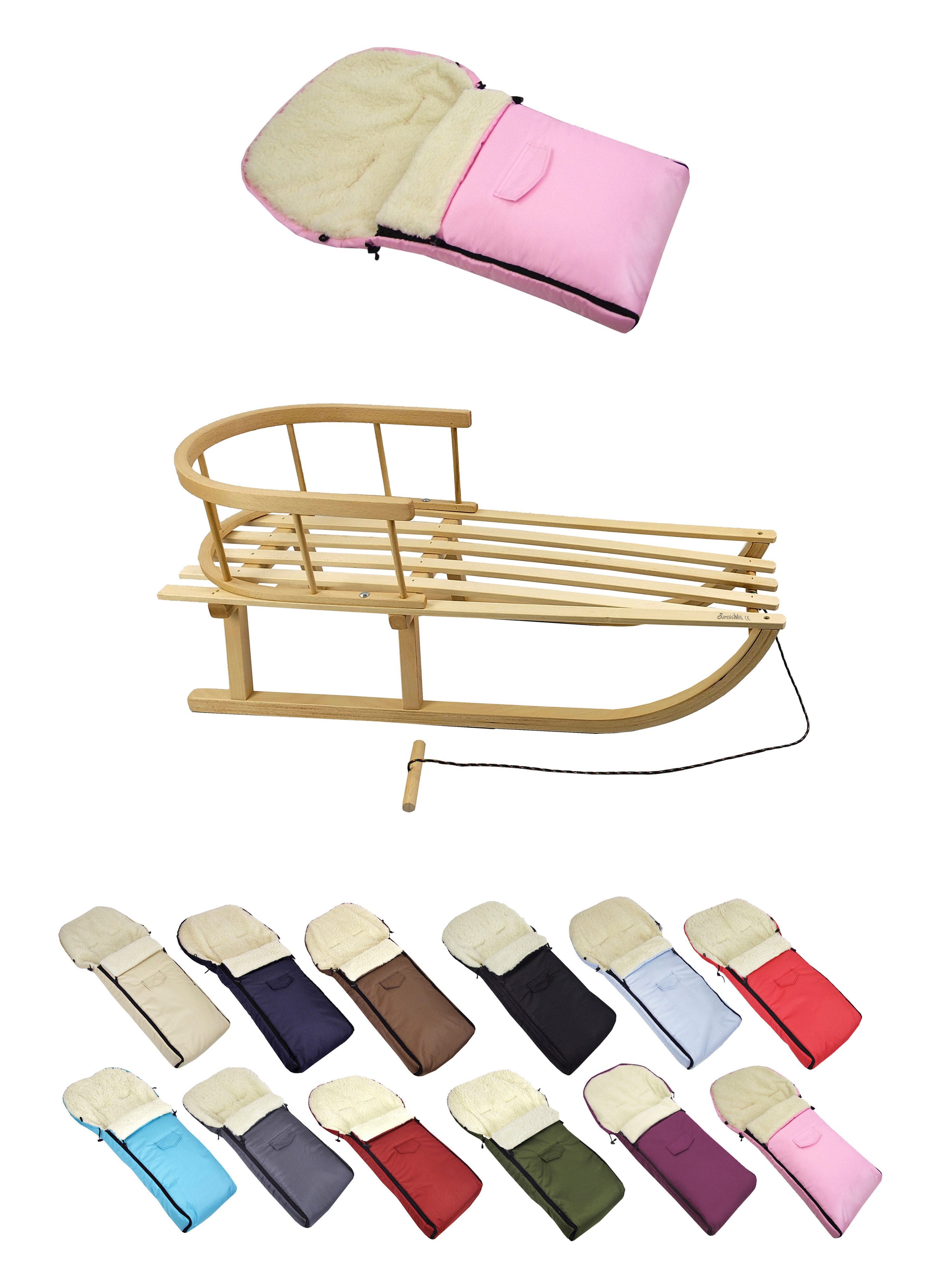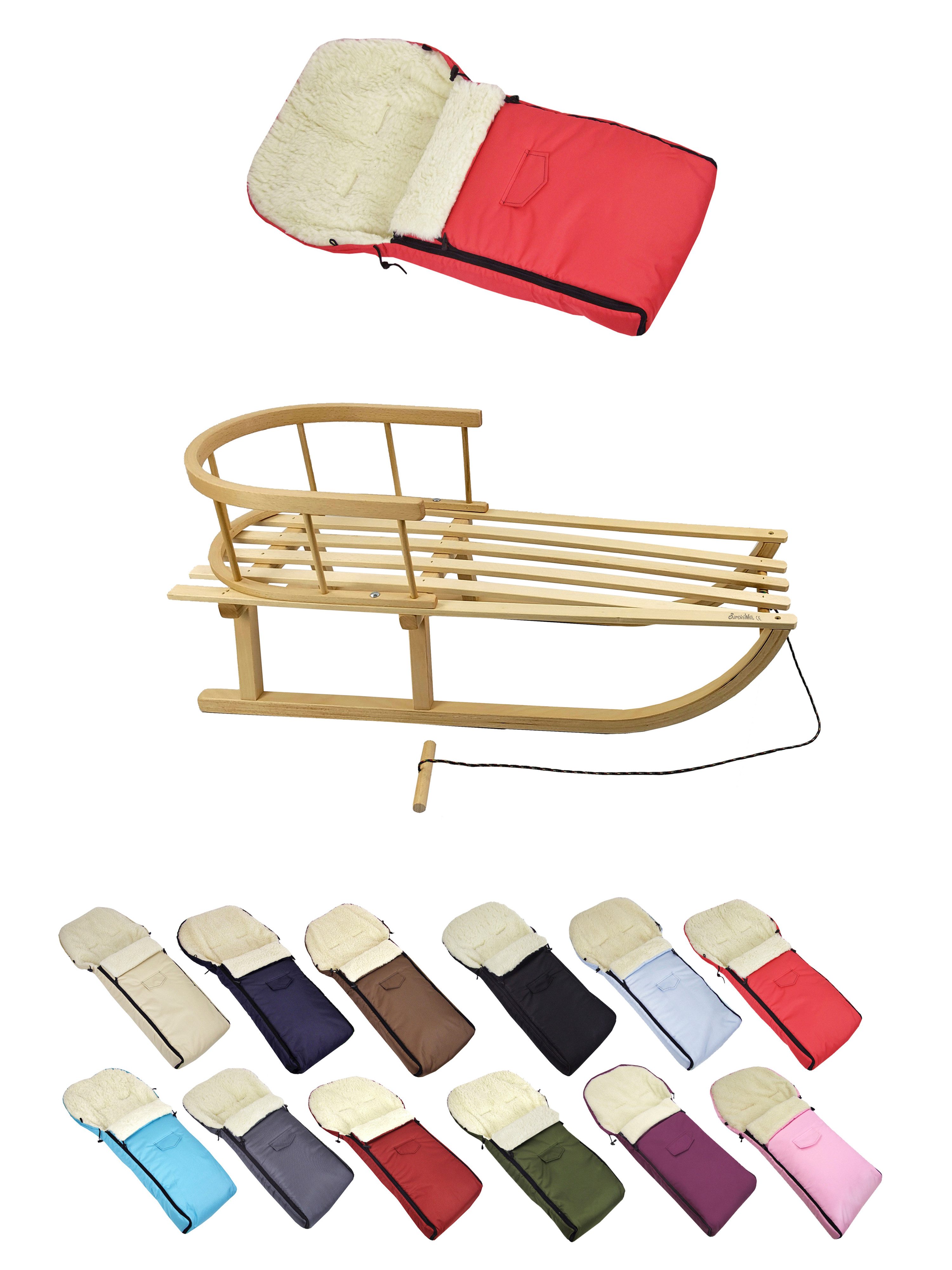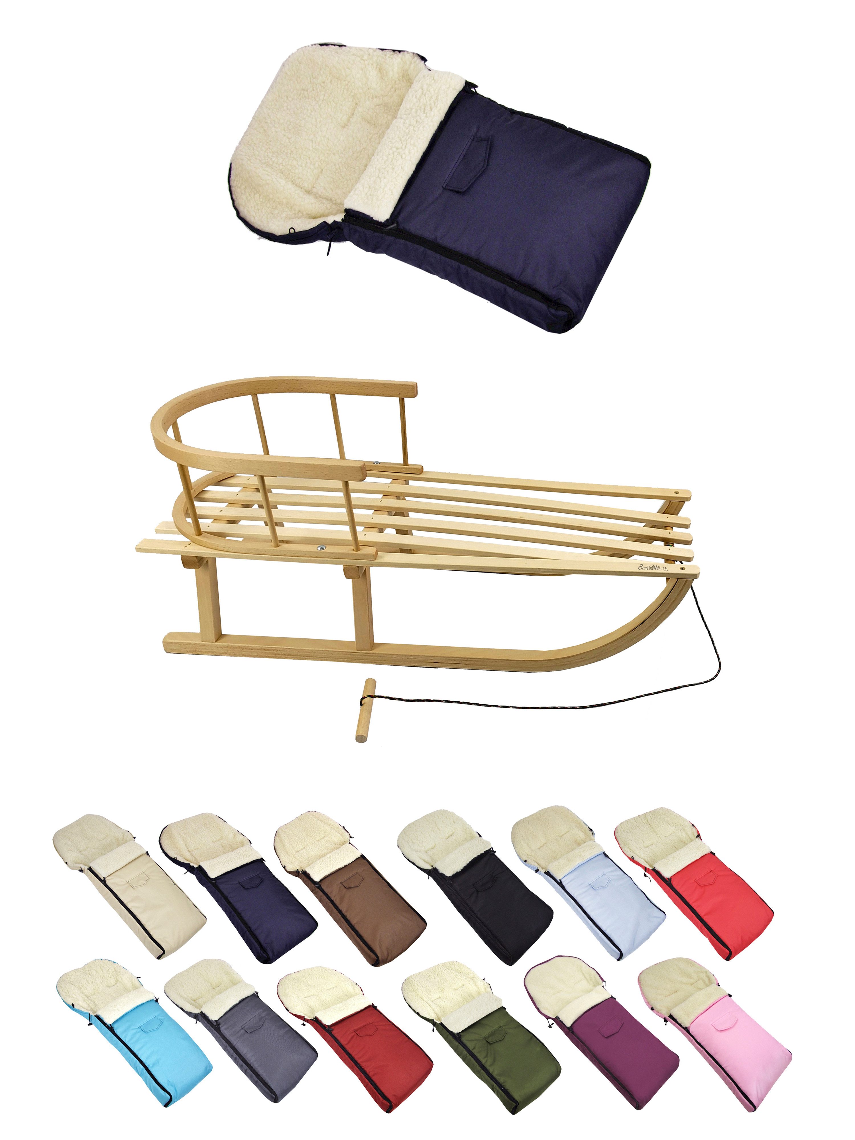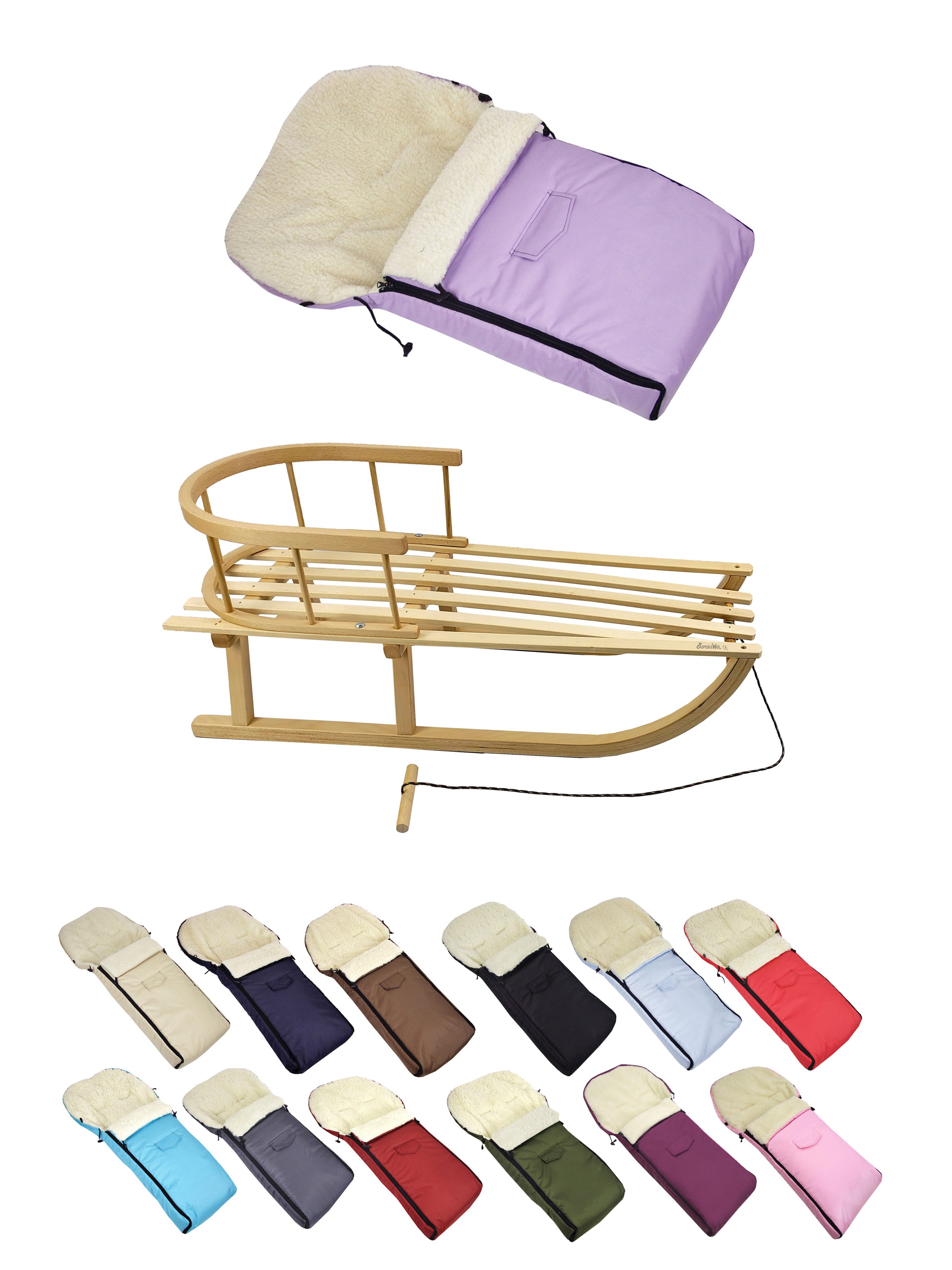 Details Material | aus Buchenholz, naturlackiert - Metallkufen, Bockstützen & Zugeisen pulverbeschichtet Winterfußsack: innen - mit Lammwolle, kuschelig und warm, aussen - hochwertiger Polyesterstoff, wind und wasserabweisend |
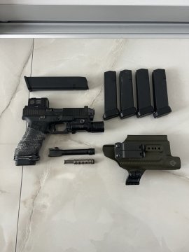 Prodám pistoli glock 45 se zvětšeným vypouštěčem zásobníku, spoust standart company, kolimator acro p-2 ( jeste v zaruce 8 let) Hlaveň radian ramjet + radian pružina. Ke zbrani samozrejme origo nova hlaveň + origo pružina origo mířidla. Zvýšená mířidla ameriglo Veškeré krabice, učteny dodám ke zbrani. .
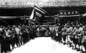 1927年3月21日, 上海工人发动第三次武装起义。武装起义由中共中央军委书记兼江浙区军委书记周恩来任总指挥,同中共江浙区委负责人罗亦农、赵世炎一起负责领导工作。为确保武装起义胜利,上海区委组织5000人的纠察队,秘密进行政治、军事训练。派一部分工人打入敌人的『保卫团』,掌握一部分武器,借敌人的训练和装备,扩大工人纠察队的武装和军事素质。又在市民、特别是贫苦市民中进行广泛细致的政治工作。并根据敌人所在地区力量的强弱,划分了七个作战区域,规定了各区工人纠察队的任务,将敌人兵力较强的闸北区作为起义进攻的重点区。起义前十天,铁路工人中断了铁路运输,使北洋军阀在上海的警备司令毕庶澄部3000人和当地警察2000人处于孤立无援的境地。
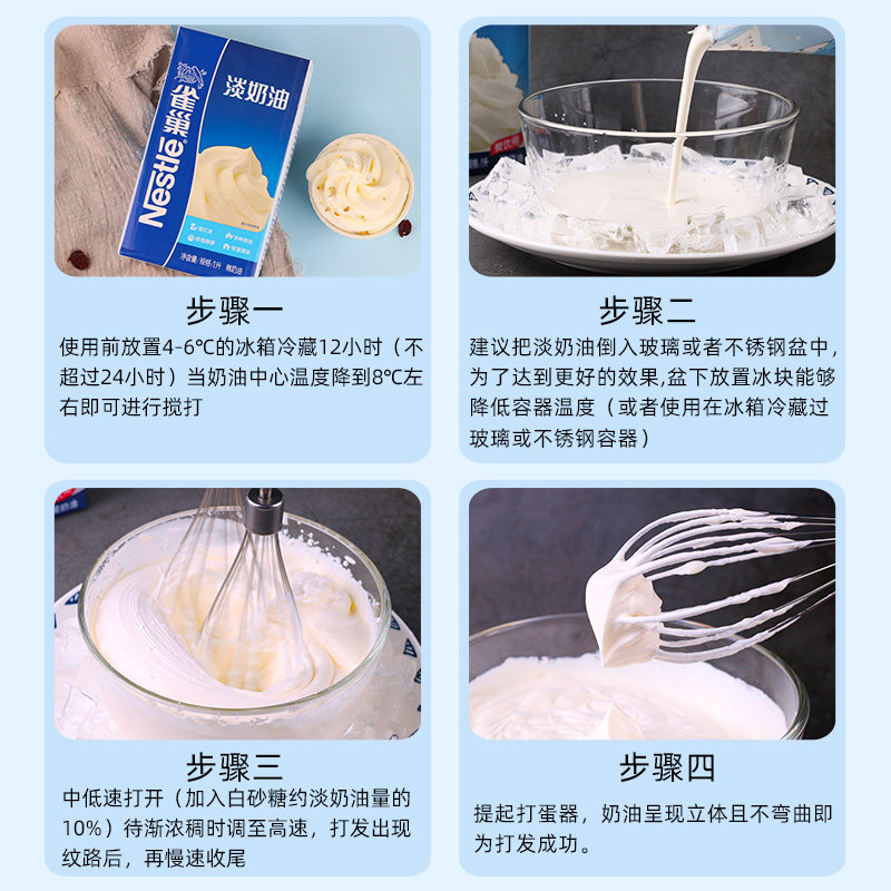雀巢动物淡奶油1L稀奶油家用烘焙蛋糕裱花蛋挞液奶盖雪顶原料专用
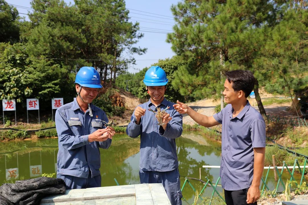 “南网兄弟”黄春强(中)、黄春宁(左)走访防城港市防城区十万山瑶族乡沙平村的溪水龙虾养殖基地
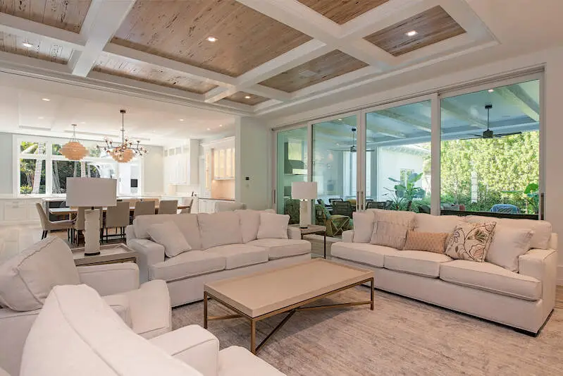 H7972 - Idyllic, private–and certainly no shortage of luxurious. This uniquely rare double-lot offering provides a true "estate like" setting, is nestled a mere four doors from the beach, and was designed by Kukk Architecture & Design while having been perfectly executed by The Williams Group. A main residence located on the eastern portion of the parcel contains 5 bedrooms, 5 full and 1 half bathroom, a loft with wet bar & 2 outdoor living areas. The gourmet kitchen offers numerous top-tier features including two-tone Ruffino custom cabinetry, quartz counters, a sprawling pantry, and Sub-Zero / Wolf appliances. The exterior living environs leave nothing to be desired and include a gas fire pit, sprawling wood deck, pool with sun shelf, bocce ball court, outdoor kitchen, and multiple uncovered/covered congregating spaces. Located off of the western portion of the parcel, a detached guest house offers 1 ensuite bedroom and fitness room. Additional features include Savant Smart Home Technology System, lift and slide doors, three sets of washer/dryers, 2 outdoor summer kitchens, 2 two-car climate-controlled garages off of the alley, wine room, full-house generator, and so much more.
————
* EXERCISE
Extract from the material above the stretch running from the line containing "Prodám pistoli glock" through the line containing "雀巢动物淡奶油1L稀奶油家用烘焙蛋糕裱花蛋挞液奶盖雪顶原料专用". Keep the text exact and the pictures out.

* REPLY
 Prodám pistoli glock 45 se zvětšeným vypouštěčem zásobníku, spoust standart company, kolimator acro p-2 ( jeste v zaruce 8 let) Hlaveň radian ramjet + radian pružina. Ke zbrani samozrejme origo nova hlaveň + origo pružina origo mířidla. Zvýšená mířidla ameriglo Veškeré krabice, učteny dodám ke zbrani. .
 1927年3月21日, 上海工人发动第三次武装起义。武装起义由中共中央军委书记兼江浙区军委书记周恩来任总指挥,同中共江浙区委负责人罗亦农、赵世炎一起负责领导工作。为确保武装起义胜利,上海区委组织5000人的纠察队,秘密进行政治、军事训练。派一部分工人打入敌人的『保卫团』,掌握一部分武器,借敌人的训练和装备,扩大工人纠察队的武装和军事素质。又在市民、特别是贫苦市民中进行广泛细致的政治工作。并根据敌人所在地区力量的强弱,划分了七个作战区域,规定了各区工人纠察队的任务,将敌人兵力较强的闸北区作为起义进攻的重点区。起义前十天,铁路工人中断了铁路运输,使北洋军阀在上海的警备司令毕庶澄部3000人和当地警察2000人处于孤立无援的境地。
雀巢动物淡奶油1L稀奶油家用烘焙蛋糕裱花蛋挞液奶盖雪顶原料专用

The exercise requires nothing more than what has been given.